I have performance issue on my couchbase cluster.

I don’t known why but memcached process crash. The result is :

  • High disk read, 8k per node
  • High CPU usage, > 80%
  • Cache miss ration, 100%

When I restart the server, it works correctly during ~20min

Other numbers :

  • we have available ram
  • 75 operation / second

Hi, sorry to hear that. What operating system are you on and what version of CB are you running?

I run couchbase 3.0.1 Community edition on ubuntu 14.04 (Amazon EC2 instance)
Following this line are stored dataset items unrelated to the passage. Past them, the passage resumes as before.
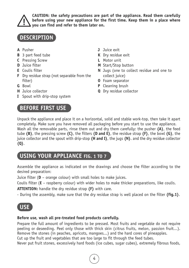 Assemble the appliance as indicated on the drawings and choose the filter according to the desired preparation: Juice filter (D – orange colour) with small holes to make juices. Coulis filter (E – raspberry colour) with wider holes to make thicker preparations, like coulis. ATTENTION: handle the dry residue strap (F) with care. - During the assembly, make sure that the dry residue strap is well placed on the filter (fig.1). USE Before use, wash all pre-treated food products carefully. Prepare the full amount of ingredients to be pressed. Most fruits and vegetable do not require peeling or deseeding. Peel only those with thick skin (citrus fruits, melon, passion fruit...). Remove the stones (in peaches, apricots, mangoes...) and the hard cores of pineapples. Cut up the fruit and vegetables that are too large to fit through the feed tubes. Never put fruit stones, excessively hard foods (ice cubes, sugar cubes), extremely fibrous foods,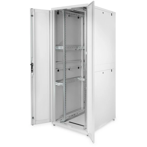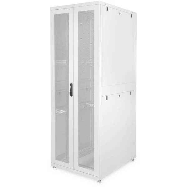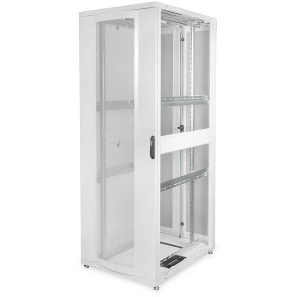 Die DIGITUS Serverschrank Unique Serie wurde für die sichere Unterbringung von Server-Equipment designet und entwickelt. Die Schrankserie ist ausgereift, das führt zu einer optimalen Leistung aus Qualität und Mehrwert. Jeder Schrank ist perfekt konzipiert, benutzerfreundlich in punkto Anwendung und ästhetisch im Aussehen. Die Unique Serie ist in vier Größen erhältlich, von 26 Höheneinheiten bis zu 47 Höheneinheiten. Zur Auswahl bei der Schrankbreite stehen 600 mm oder 800 mm, die Tiefe beträgt 1000 mm. Die Unique Serie ist ideal für kleine und mittlere Serverräume bis hin zu Multi-Data Center Installationen. Der Schrank besteht aus einer modularen Rahmenkonstruktion, die Robustheit bietet. Wesentliche Vorteile der Schrankserie sind die Luftzirkulation (hohe Perforation von 63%) und das Kühlmanagement (Belüftung). Die Unique Serie sorgt für einen einfachen Zugang zu den Komponenten mittels Schnellverschluss-System für die Seitenwände sowie für Vorder- und Rücktür. Jeder Schrank verfügt über zwei Sätze robuster 483 mm (19″)-Profilschienen, die in der gesamten Tiefe des Schrankes angepasst werden können.Art.-Nr.: 1819977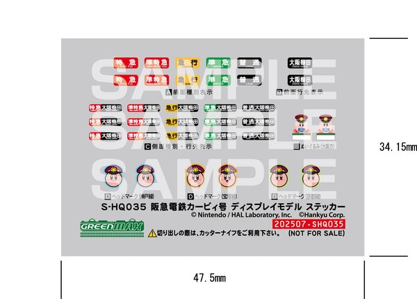 HANKYU DENSHA SHOP(阪急電鉄)はGREENMAX製完成品Nゲージ車両、ディスプレイモデル カービィ号3線セット(神戸線・宝塚線・京都線)大阪方先頭1両 阪急電車限定を販売。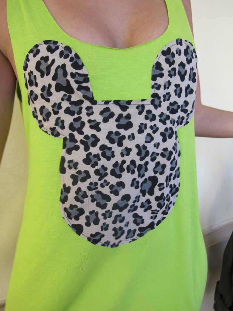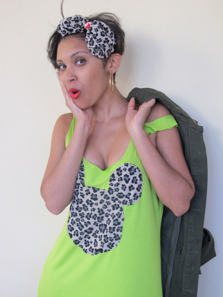 I fell in love with this tank… Anything with Leopard + Mickey= A Keeper! Then, I saw a matching Bow headband and I was SOLD! Tank was $25.00 and the Headband was only $10.00! Today, I whooped out my cute tank with matching headband, paired it mesh bicycle shorts and army jacket! I received many compliments on my tank & headband today!

@matthew I have run cbcollect but I can’t undersatand the result.

Can I send them to you ?

I have detected an issue about item in cache on one node :
Node 1:
active docs resident : < 1% !
replica doc resident : 20%

Node 2:
active docs resident : 16%
replica doc resident : <1%

Node 3:
active docs resident : 20%
replica doc resident : 14%

For RAM usage:
Total Allocated: 37.5 GB
Total in Cluster: 37.5 GB
In Use: 19 GB
Unused: 18.5 GB

Hi fx_algrain,
Can you share the cbcollect logs with me? preferably via link as that would allow me to easy share them with the support team.

@fx_algrain

@martinesmann passed me logs from your cluster. Problems that I’m seeing on your server:

  • node has just 2 cores, minimum recommended is 4.
  • Transparent HugePages is enabled, recommendation is to disable it.
  • Bucket resident ratio is close to 0%, that can leads to loads of other problems.
  • background fetches from disk at peak is around 17K ops/sec per node, which is pretty high! and this is expected because of low residency. And if your disk IO capacity isn’t sufficient, you will see timeout errors.

For info, we have add a new node : solve the issue but only during few days

I know about background fetch and it’s the issue. I want to solve them. I don’t understand why the server store more replica in memory and not active.
Also it’s same servers but we have more doc in RAM on the last server…

How to disable HugePage ?

Hi @fx_algrain,
This doc describes how to disable HugePage,
http://docs.couchbase.com/admin/admin/Install/rhel-installing.html

Hi everybody,

We continue to get the issue after upgrading servers (4 CPU + 30Go of RAM) .

We disable HugePage too.

But the problem continue. We have higher doc resident percentage.

I just try with new couchbase 4 and the issue still exist.

I get a great screenshot of the issue

No operations and disk fetch in while. I think it’s a bug in couchbase

It does appear to be. I’d recommend filing an issue and attaching a cbcollect_info. Also, if you have an enterprise subscription, you may want to raise awareness with Couchbase support since that’ll escalate getting the issue looked at.